Local Stock Market | 📈
Owens Corning | $OC ( ▲ 1.96% )
Dana Incorporated | $DAN ( ▼ 2.87% )
The Andersons | $ANDE ( ▼ 1.24% )
Owens Illinois | $OI ( ▼ 1.48% )
Welltower Inc. | $WELL ( ▲ 0.09% )
Marathon Petroleum Corporation | $MPC ( ▼ 0.37% )
✍🏼Unsolicited Opinion: The Best Bet for 45 Years and Maybe the Next 45
If you invested $100,000 in January 1980, here’s where you’d stand by October 2025:
Savings account → ~$700K
Gold → ~$770K
10-Year U.S. Treasuries → ~$1.3M
NY real estate → ~$1.1M
London real estate → ~$2M
S&P 500 → ~$10.6M
Apple stock → ~$214M
Every “safe” asset and every global real-estate market was out-performed by simply buying a slice of American business through the S&P.
What If You’d Put $100K in NW Ohio Real Estate in 1980?
Let’s make a ball-park estimate for our region (north-western Ohio / Toledo metro area).
The state-wide house-price index for Ohio shows that by Q2 2025 the index stands at ~504.13 (1980 Q1 = 100) for the all-transactions house‐price index, meaning prices grew ~5.04× since 1980.
If you take $100,000 invested in NW Ohio real estate in 1980, applying a simple 5× growth (just using the state index as a proxy) gives you roughly $500,000 today (before accounting for leverage, inflation, rental cash‐flow, etc.).
Real world caveats: Local markets like Toledo have had more modest growth historically (median sale price around $135K in 2025 in City of Toledo, up ~4.6% year over year) so our $500K estimate may even be optimistic or require active investment/maintenance.
Compared to the $10.6M you’d have if you had invested that $100K in the S&P, the local real estate path looks far more modest.
Our Take for Toledo Money Readers:
Here’s what I want you, our audience in NW Ohio, to take away:
Returns: The data make clear that the most outsized returns over the past 45 years came from owning business equity (stocks) rather than owning real estate in a moderate growth region.
Local real estate still matters: Yes, investing $100K in NW Ohio real estate would have grown to perhaps ~$500K (give or take) over 45 years. That’s not bad, but it pales in comparison to the $10M+ from a broad US equities investment.
Strategy matters: If you are buying real estate here, treat it as a cash-flow generating asset (rentals, value add, local knowledge) rather than gambling on huge pure‐appreciation.

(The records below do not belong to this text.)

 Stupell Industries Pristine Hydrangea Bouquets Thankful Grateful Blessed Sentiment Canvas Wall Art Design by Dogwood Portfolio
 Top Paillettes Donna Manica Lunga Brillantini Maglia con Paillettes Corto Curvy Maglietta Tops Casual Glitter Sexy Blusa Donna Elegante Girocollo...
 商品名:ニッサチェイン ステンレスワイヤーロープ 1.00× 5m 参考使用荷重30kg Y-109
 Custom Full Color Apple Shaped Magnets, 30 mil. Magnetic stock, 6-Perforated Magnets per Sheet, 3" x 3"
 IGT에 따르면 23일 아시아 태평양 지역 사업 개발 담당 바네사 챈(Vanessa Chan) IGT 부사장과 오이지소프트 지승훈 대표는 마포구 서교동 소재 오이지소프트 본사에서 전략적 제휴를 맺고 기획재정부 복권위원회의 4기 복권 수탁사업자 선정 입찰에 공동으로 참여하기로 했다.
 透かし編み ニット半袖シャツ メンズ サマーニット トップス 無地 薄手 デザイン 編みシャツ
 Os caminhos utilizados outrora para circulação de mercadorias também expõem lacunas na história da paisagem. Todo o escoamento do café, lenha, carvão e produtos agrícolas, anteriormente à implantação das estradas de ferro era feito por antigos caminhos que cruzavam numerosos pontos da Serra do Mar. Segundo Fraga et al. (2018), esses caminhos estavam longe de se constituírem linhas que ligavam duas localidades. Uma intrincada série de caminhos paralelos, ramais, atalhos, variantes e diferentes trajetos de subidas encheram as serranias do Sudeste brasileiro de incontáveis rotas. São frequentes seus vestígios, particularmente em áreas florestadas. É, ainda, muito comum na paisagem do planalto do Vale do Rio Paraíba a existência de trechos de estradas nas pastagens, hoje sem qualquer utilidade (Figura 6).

What about the next 45 years? Maybe we’re at the early innings of the AI / computing / business‐growth era the same way 1980 marked the dawn of the PC/internet age. If so, business‐equity investing may again outperform real estate by a large margin.

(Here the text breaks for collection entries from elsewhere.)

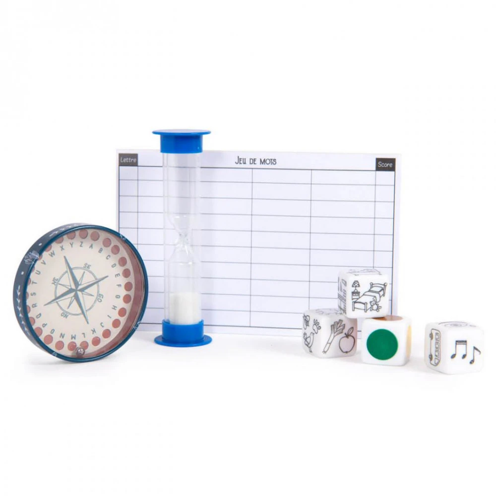Comprend 4 dès à thèmes, une boîte alphabet avec une petite bille, des carnets de notes et un sablier.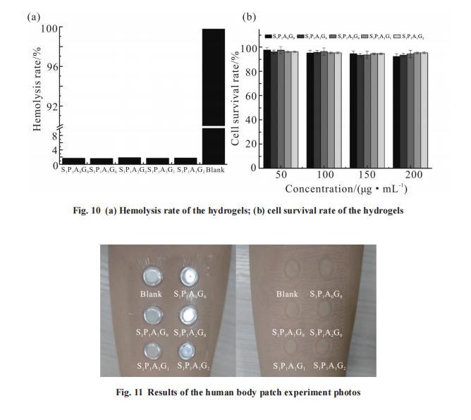 (4) 抑菌实验及生物相容性实验可知,水凝胶对大肠杆菌和金黄色葡萄球菌具有优异的抗菌效果(抑菌圈宽度分别为10.17 mm和11.05 mm),溶血率低(在2%以下),细胞存活率高(在89%以上),经人体斑贴实验验证了产品的安全性。SPAG水凝胶兼具良好的抑菌效果和生物相容性,在生物医学、日用化学品等领域具有广阔的应用前景。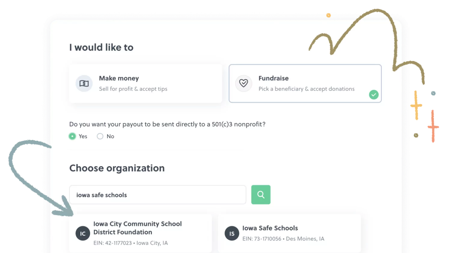 Use the search bar to find and select the nonprofit that you’re raising money for. As long as the nonprofit can be found on Candid, you can find it in our search tool. You can search using the Nonprofit’s name, or the EIN associated with the organization. Once you’ve connected the nonprofit of your choice, your campaign is automatically set up to send funds to them directly.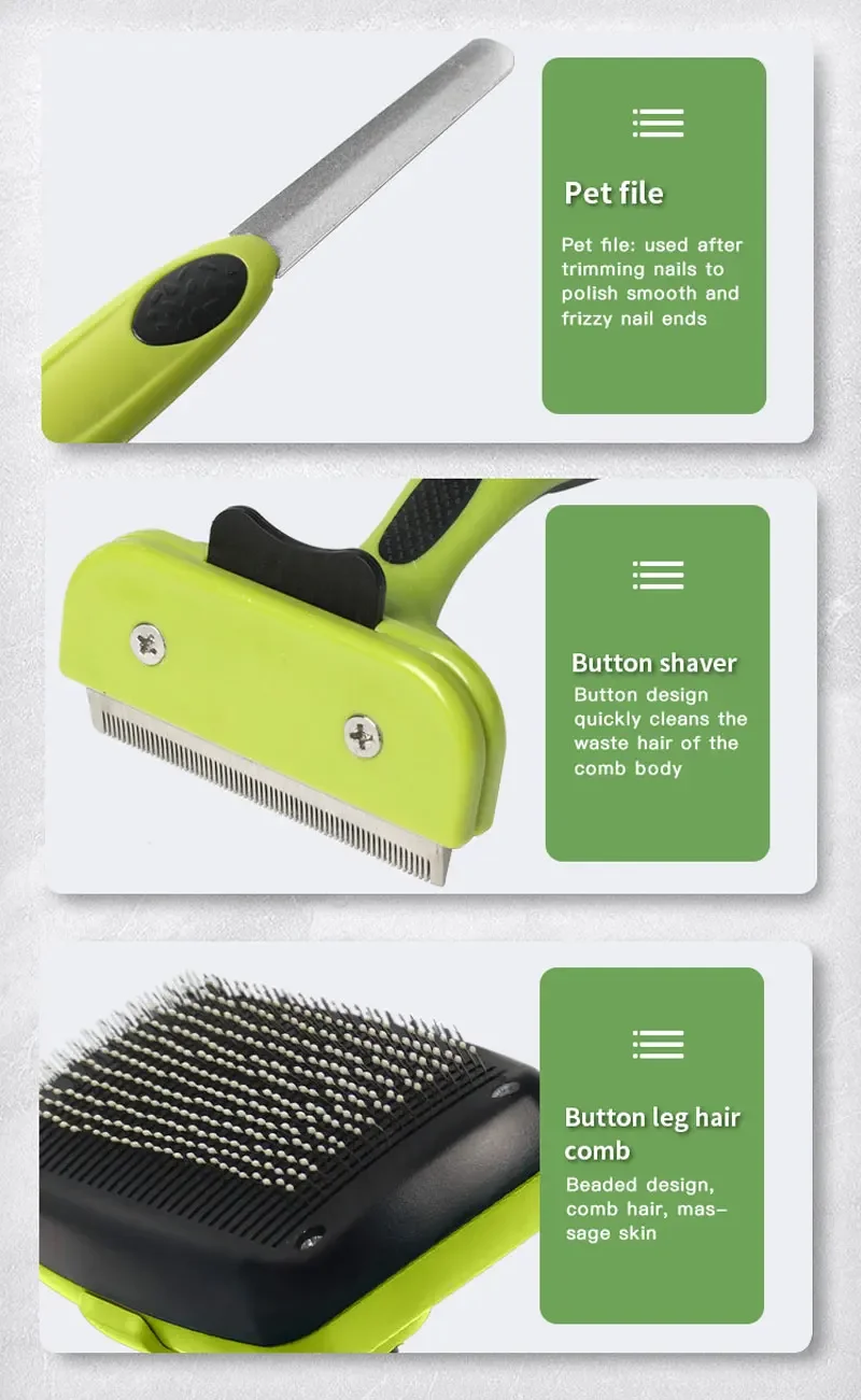 Keep your pet looking and feeling their best with this professional 6-piece grooming kit, designed for both dogs and cats. The set includes four ergonomic combs for detangling, deshedding, and massaging, plus a precision nail clipper and nail file for safe trimming. Made from durable TPR, metal, and plastic, each tool features a comfortable grip and compact design for easy handling and storage. Whether you're managing undercoats or trimming nails, this kit covers all your grooming needs at home or on the go.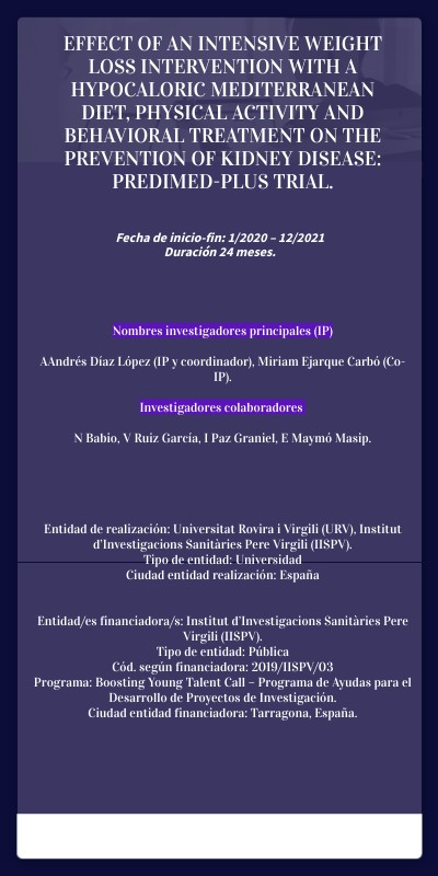 EFFECT OF AN INTENSIVE WEIGHT LOSS INTERVENTION WITH A HYPOCALORIC MEDITERRANEAN DIET, PHYSICAL ACTIVITY AND BEHAVIORAL TREATMENT ON THE PREVENTION OF KIDNEY DISEASE: PREDIMED-PLUS TRIAL.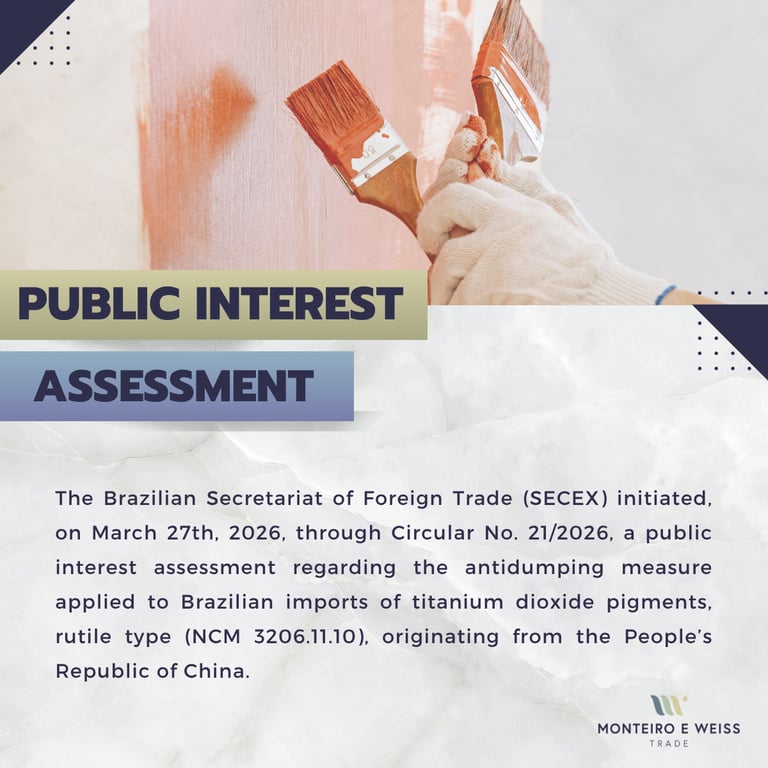 The Brazilian Secretariat of Foreign Trade (SECEX) has initiated a public interest assessment concerning the anti-dumping measure applied to Brazilian imports of titanium dioxide (TiO₂) pigments, rutile grade, originating from China.

Portfolio construction: For folks in NW Ohio: keep real estate in the mix (for stability, tax advantages, local control) but don’t expect it to be your explosive growth driver. For that you’ll want exposure to business growth, public or private.
In short: If you had $100K today to invest in NW Ohio real estate, you would be making a smart, solid, local bet, but however you slice it, it’s unlikely to turn into tens of millions purely from appreciation. Meanwhile, history shows the S&P path turned $100K into ~$10.6 M from 1980 to 2025.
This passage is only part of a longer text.